## WHAT IS BEING ASKED
The reply must contain exactly the lines below from the one with "ロング スリム オフショルダー ソリッドカラー JPLS44477015156" down to the one with "Ici, découvrez un", both included, and nothing more; please omit the pictures.
━━━━
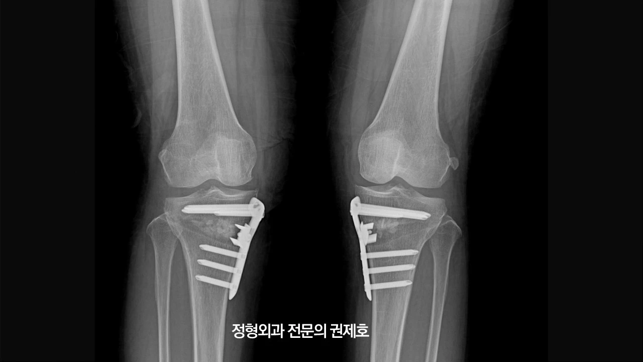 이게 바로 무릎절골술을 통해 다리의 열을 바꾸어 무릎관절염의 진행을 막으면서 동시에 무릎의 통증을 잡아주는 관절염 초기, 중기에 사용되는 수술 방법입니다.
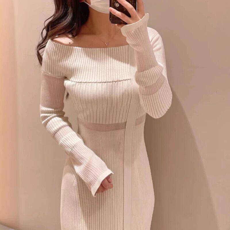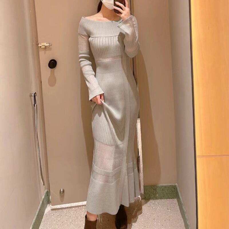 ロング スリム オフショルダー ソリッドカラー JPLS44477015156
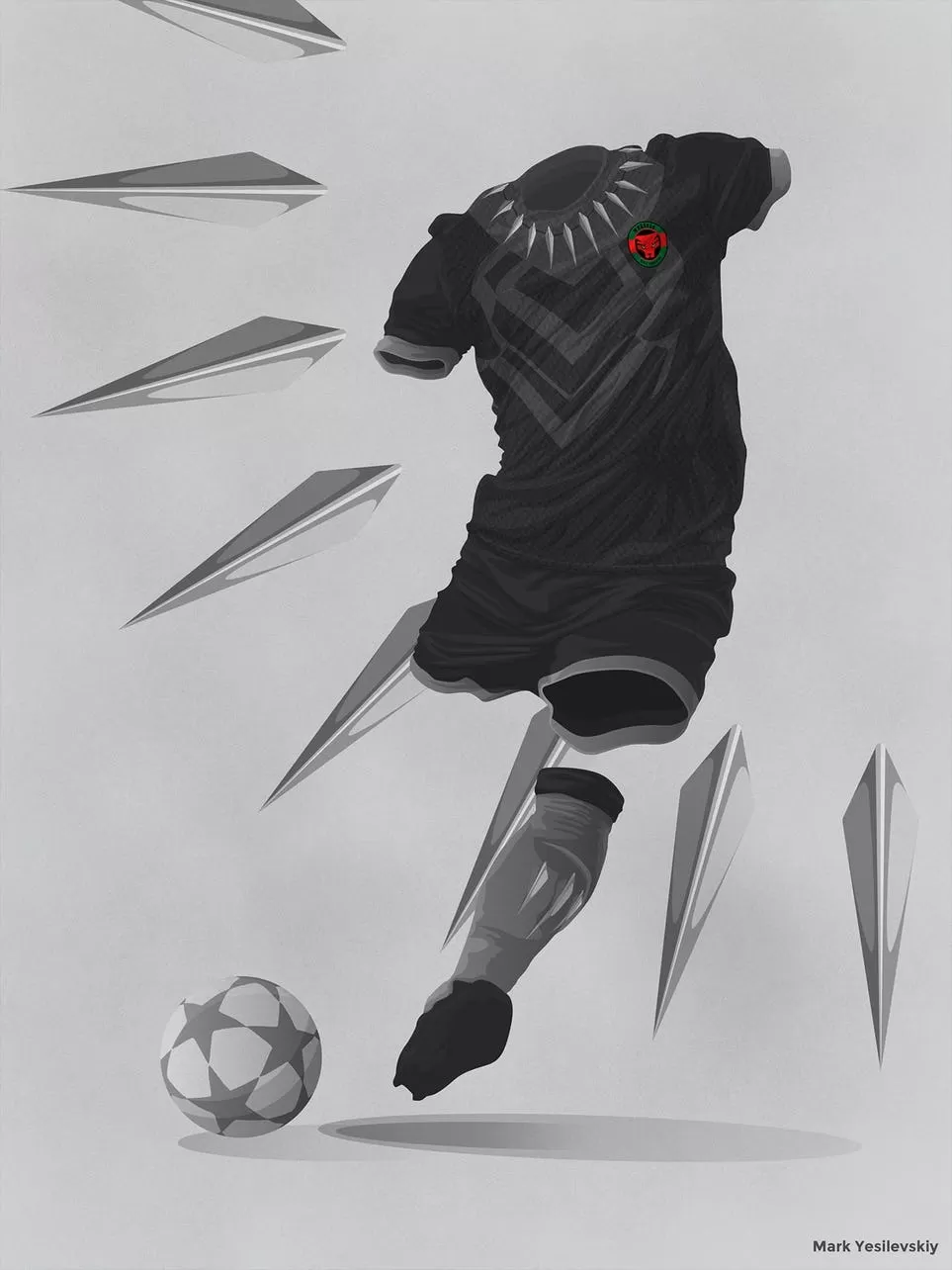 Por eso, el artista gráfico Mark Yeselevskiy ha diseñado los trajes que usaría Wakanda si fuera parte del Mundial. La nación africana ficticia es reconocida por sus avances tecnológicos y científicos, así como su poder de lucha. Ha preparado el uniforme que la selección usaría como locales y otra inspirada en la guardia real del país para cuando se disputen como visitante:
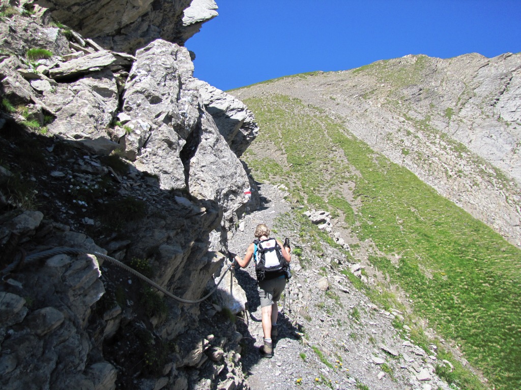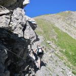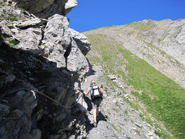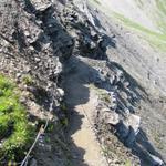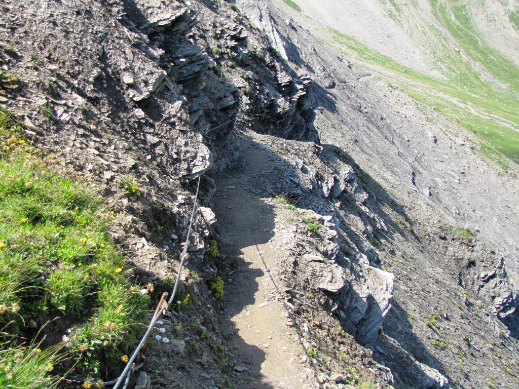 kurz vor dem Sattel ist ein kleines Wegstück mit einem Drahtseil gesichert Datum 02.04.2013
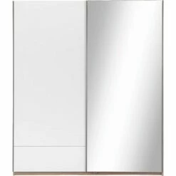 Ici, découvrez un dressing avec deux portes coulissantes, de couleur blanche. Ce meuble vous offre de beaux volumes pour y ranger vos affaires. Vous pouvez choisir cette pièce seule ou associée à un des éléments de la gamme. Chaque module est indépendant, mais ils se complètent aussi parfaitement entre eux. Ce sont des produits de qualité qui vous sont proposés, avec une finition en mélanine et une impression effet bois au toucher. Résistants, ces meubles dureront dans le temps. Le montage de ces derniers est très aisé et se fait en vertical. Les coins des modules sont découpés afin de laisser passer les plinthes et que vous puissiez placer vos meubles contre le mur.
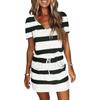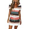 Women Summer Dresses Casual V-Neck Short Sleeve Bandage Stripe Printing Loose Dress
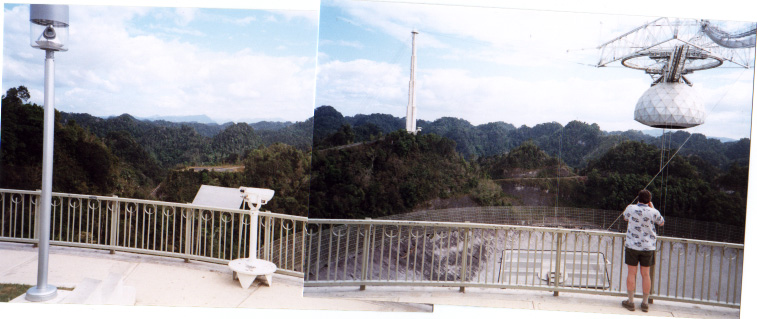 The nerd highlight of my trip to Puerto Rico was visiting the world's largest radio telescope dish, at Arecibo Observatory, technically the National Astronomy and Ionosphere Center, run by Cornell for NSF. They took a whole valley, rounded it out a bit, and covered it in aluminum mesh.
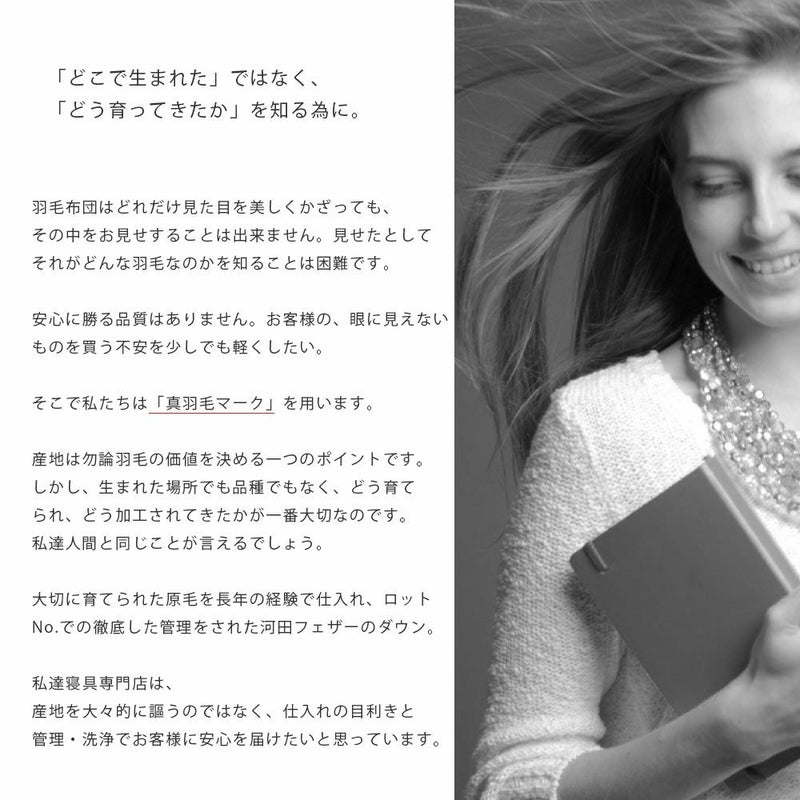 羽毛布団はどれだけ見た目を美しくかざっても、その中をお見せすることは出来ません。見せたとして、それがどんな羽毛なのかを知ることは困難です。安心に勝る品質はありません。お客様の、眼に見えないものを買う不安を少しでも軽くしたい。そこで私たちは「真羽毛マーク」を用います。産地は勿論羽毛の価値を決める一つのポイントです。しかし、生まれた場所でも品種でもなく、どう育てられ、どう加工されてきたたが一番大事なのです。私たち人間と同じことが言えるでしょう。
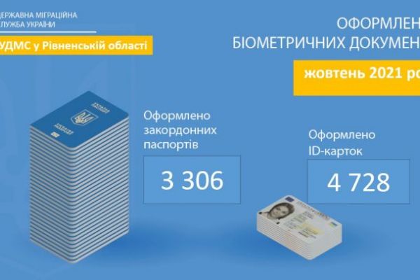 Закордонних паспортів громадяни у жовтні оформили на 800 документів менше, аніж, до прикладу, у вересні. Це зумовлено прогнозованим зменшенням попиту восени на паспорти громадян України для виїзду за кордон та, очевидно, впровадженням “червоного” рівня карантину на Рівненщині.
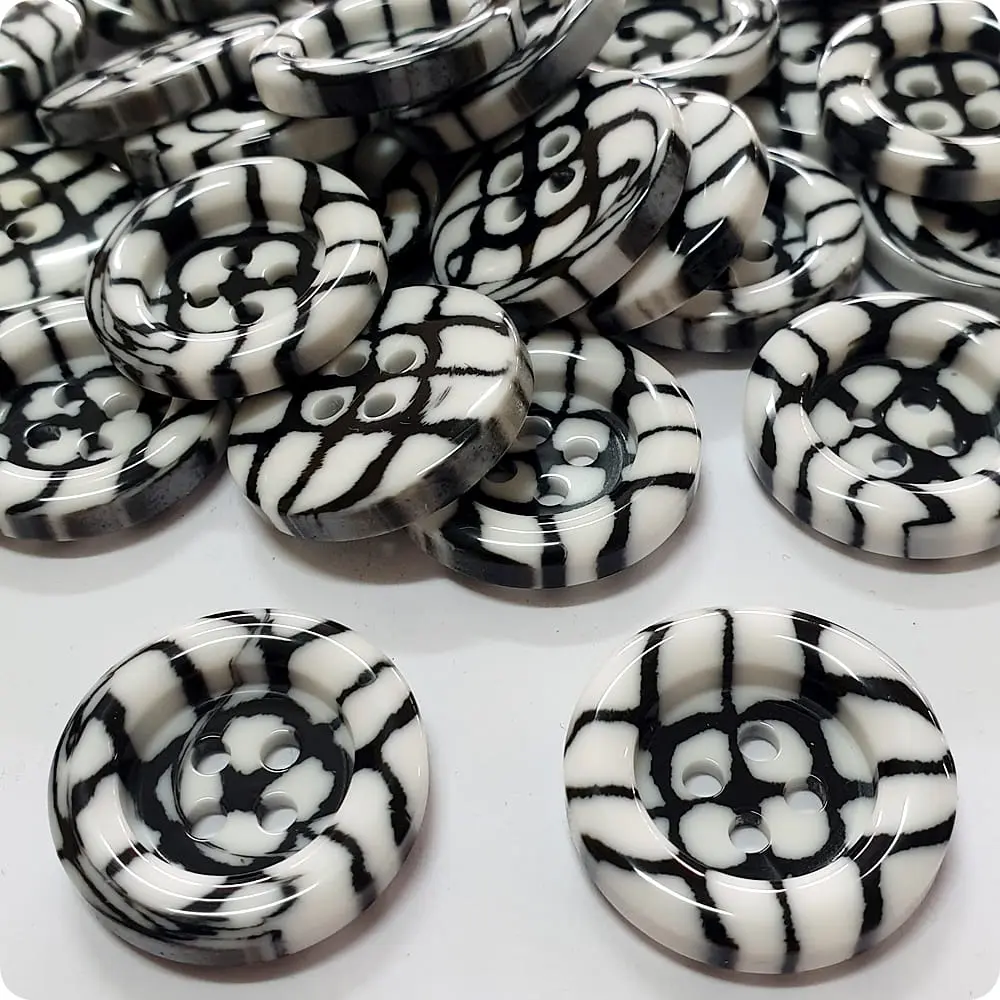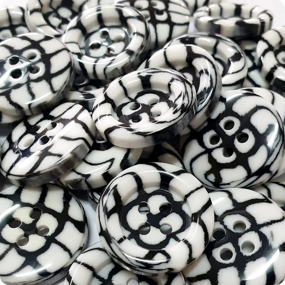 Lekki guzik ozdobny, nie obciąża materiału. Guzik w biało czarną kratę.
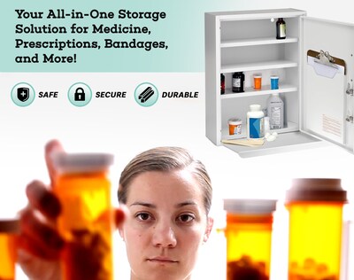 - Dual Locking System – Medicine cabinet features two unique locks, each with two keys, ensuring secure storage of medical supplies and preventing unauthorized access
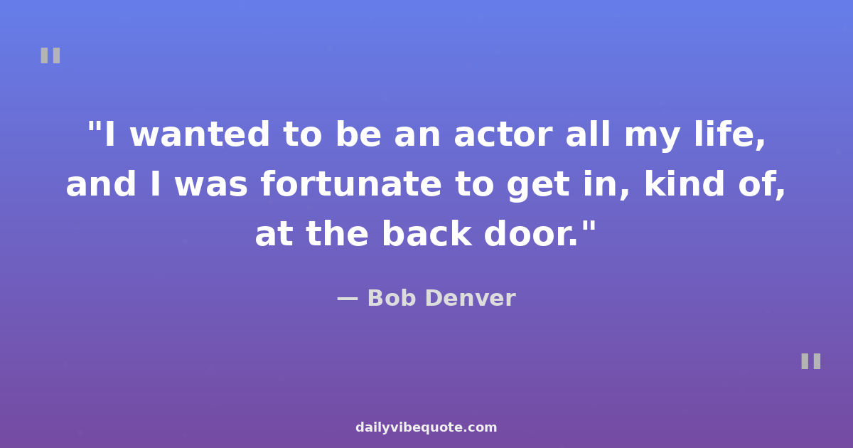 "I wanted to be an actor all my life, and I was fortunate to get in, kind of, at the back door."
━━━━
## RESPONSE FOR THIS EXERCISE
 ロング スリム オフショルダー ソリッドカラー JPLS44477015156
 Por eso, el artista gráfico Mark Yeselevskiy ha diseñado los trajes que usaría Wakanda si fuera parte del Mundial. La nación africana ficticia es reconocida por sus avances tecnológicos y científicos, así como su poder de lucha. Ha preparado el uniforme que la selección usaría como locales y otra inspirada en la guardia real del país para cuando se disputen como visitante:
 kurz vor dem Sattel ist ein kleines Wegstück mit einem Drahtseil gesichert Datum 02.04.2013
 Ici, découvrez un dressing avec deux portes coulissantes, de couleur blanche. Ce meuble vous offre de beaux volumes pour y ranger vos affaires. Vous pouvez choisir cette pièce seule ou associée à un des éléments de la gamme. Chaque module est indépendant, mais ils se complètent aussi parfaitement entre eux. Ce sont des produits de qualité qui vous sont proposés, avec une finition en mélanine et une impression effet bois au toucher. Résistants, ces meubles dureront dans le temps. Le montage de ces derniers est très aisé et se fait en vertical. Les coins des modules sont découpés afin de laisser passer les plinthes et que vous puissiez placer vos meubles contre le mur.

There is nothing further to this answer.